Adverse outcome pathways and drug-induced liver injury testing

Mathieu Vinken 1
PMCID: PMC4596002  EMSID: EMS64924  PMID: 26119269

Abstract

Drug-induced liver injury is a prominent reason for premarketing and postmarketing drug withdrawal and can be manifested in a number of ways, such as cholestasis, steatosis and fibrosis. The mechanisms driving these toxicological processes have been well characterized and have been emdedded in adverse outcome pathway frameworks in recent years. This paper reviews these constructs and simultaneously illustrates their use in the preclinical testing of drug-induced liver injury.

Keywords: AOP, DILI, steatosis, cholestasis, fibrosis, read-across, IATA

1. Introduction

Drug-induced liver injury (DILI) is of high clinical concern, as it is the leading cause of acute liver failure.1,2 Indeed, DILI accounts for about half of the cases of acute liver failure in the US and in the UK.1,3-6 Furthermore, DILI is also of clear relevance to pharmaceutical industry, since it underlies the withdrawal of a considerable number of drugs during premarketing and postmarketing phases of drug development.7 DILI can be predictable or unpredictable, designated as intrinsic or idiosyncratic hepatotoxicity, respectively. The former depends on the dose and becomes manifested within a few days. It mainly results from direct toxicity of a drug or its metabolites and can be reproduced in animal models. Idiosyncratic hepatotoxicity, which on its turn is subdivided into immune idiosyncrasy and metabolic idiosyncrasy, does not necessarily depend on the dose and occurs with variable latency.6,8-12 Idiosyncratic hepatotoxicity occurs in 1 in 10.000 to 100.000 individuals.1,3,4,6,10,13-15 Immunoallergic drug reactions are seen in about 25% to 30% of all DILI patients.16

Predictive toxicology, based upon mechanistic information, has become a critical aspect in the safety evaluation of drugs in the last decade. A major tool introduced in this regard is the adverse outcome pathway (AOP) framework, which refers to a conceptual construct that portrays existing knowledge concerning the linkage between a direct molecular initiating event (MIE) and an adverse outcome via a number of key events (KEs) at a biological level of organization relevant to risk assessment.17-21 AOPs have yet been designed for several human-relevant toxicological endpoints.
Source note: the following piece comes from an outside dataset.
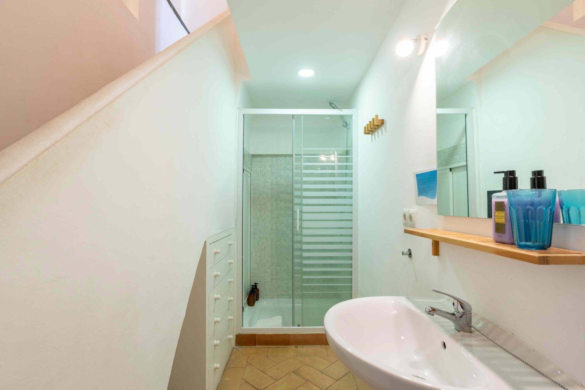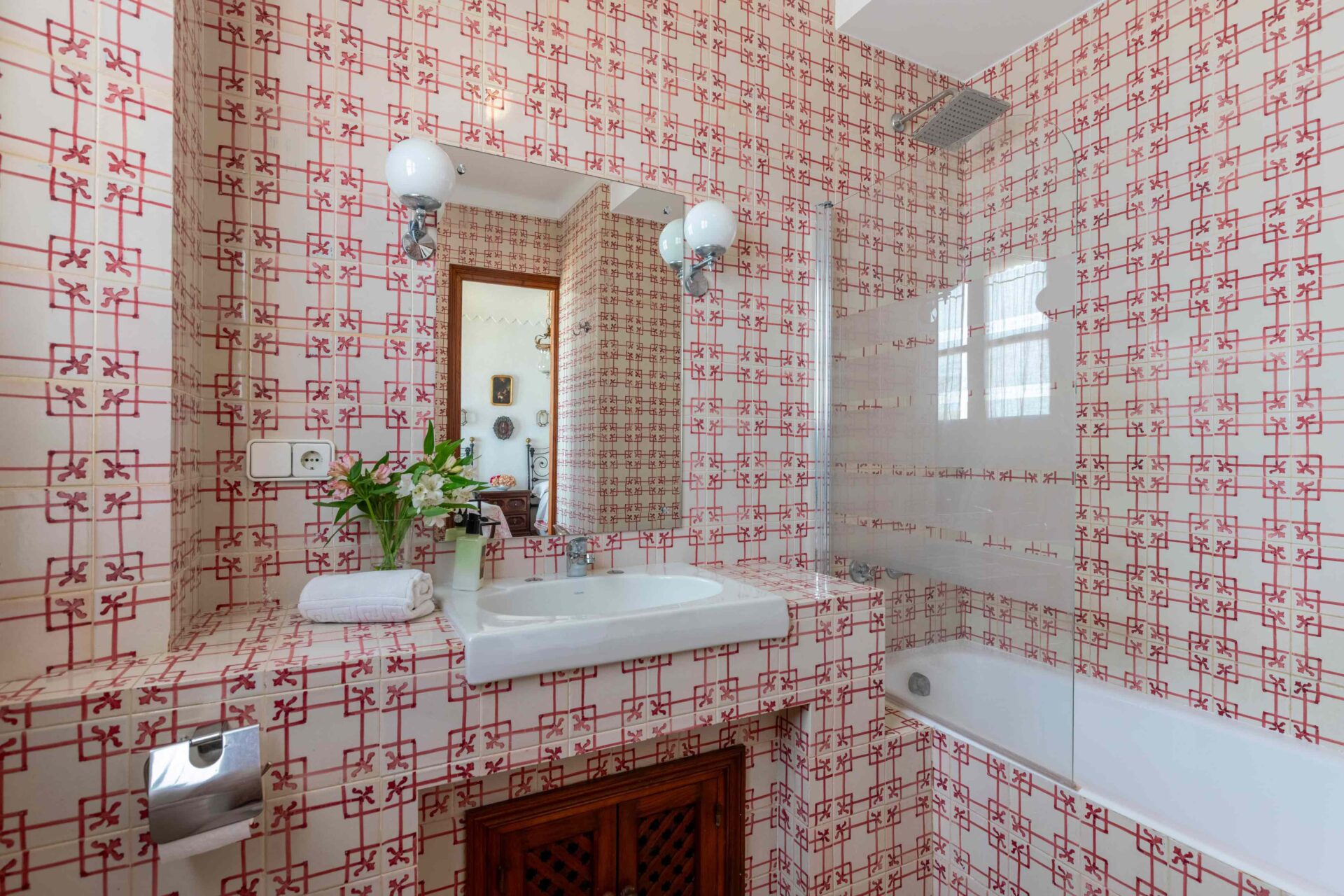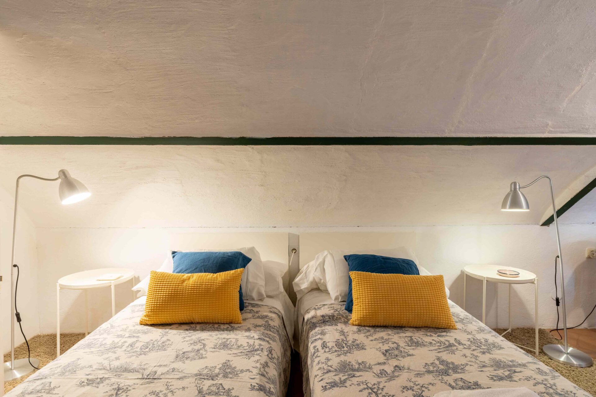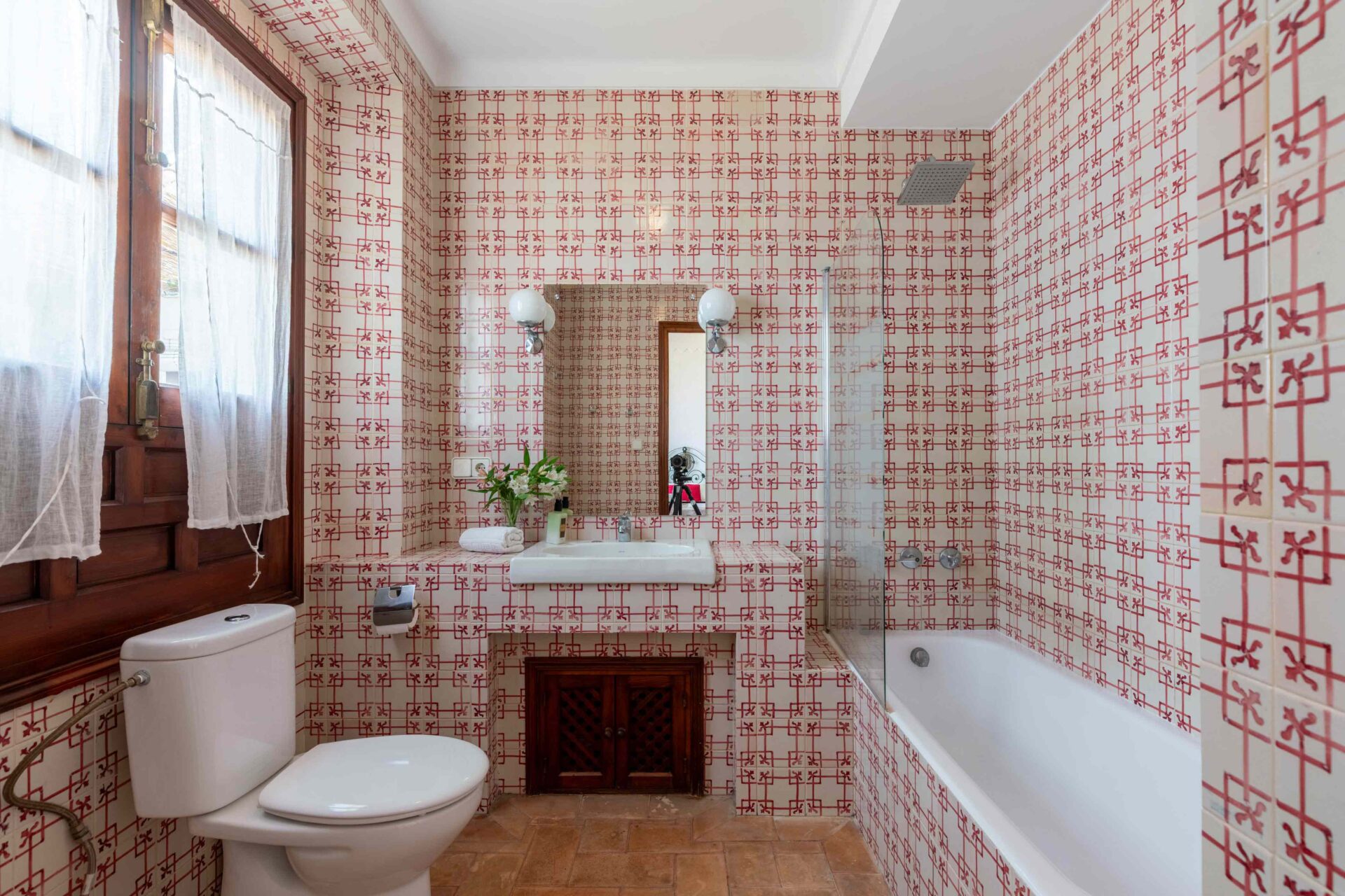 Tras subir por una escalera de piedra de caracol, se llega primero a una gran terraza mirando al jardín y piscina. A continuación al salón que tiene a un lado un baño con ducha y enfrente la buhardilla con una pequeña cocina, pequeña zona de estar y el dormitorio con dos camas individuales donde hay otra terraza mirando a la Catedral. A continuación por la escalera subimos a la habitación principal con baño en suite y unas vistas maravillosas. Si seguimos subiendo, llegamos a la azotea desde donde se ve todo el barrio Santa Cruz, sus increíbles vistas y la Catedral.

In response to the increasing use of AOPs, the Organization for Economic Cooperation and Development together with the US Environmental Protection Agency, the US Army Engineer Research and Development Center and the European Joint Research Center has initiated a project to facilitate the use of AOPs in assessing the safety of chemicals, called the AOP Knowledge Base. The AOP Knowledge Base consists of four modules, namely the AOP Xplorer, Effectopedia, the Intermediate Effects Database and the AOP Wiki. The latter provides an open-source interface for rapid, widely accessible and collaborative sharing of established AOPs and building new AOPs.21 The AOP Wiki was launched in 2014 and thus far contains as much as fifty AOPs for diverse types of toxicity, including hepatotoxicity. Among those, a number are of clear relevance to the DILI field and will be scrutinized in this paper. Particular focus will be put on how these AOPs can form the basis for preclinical DILI testing.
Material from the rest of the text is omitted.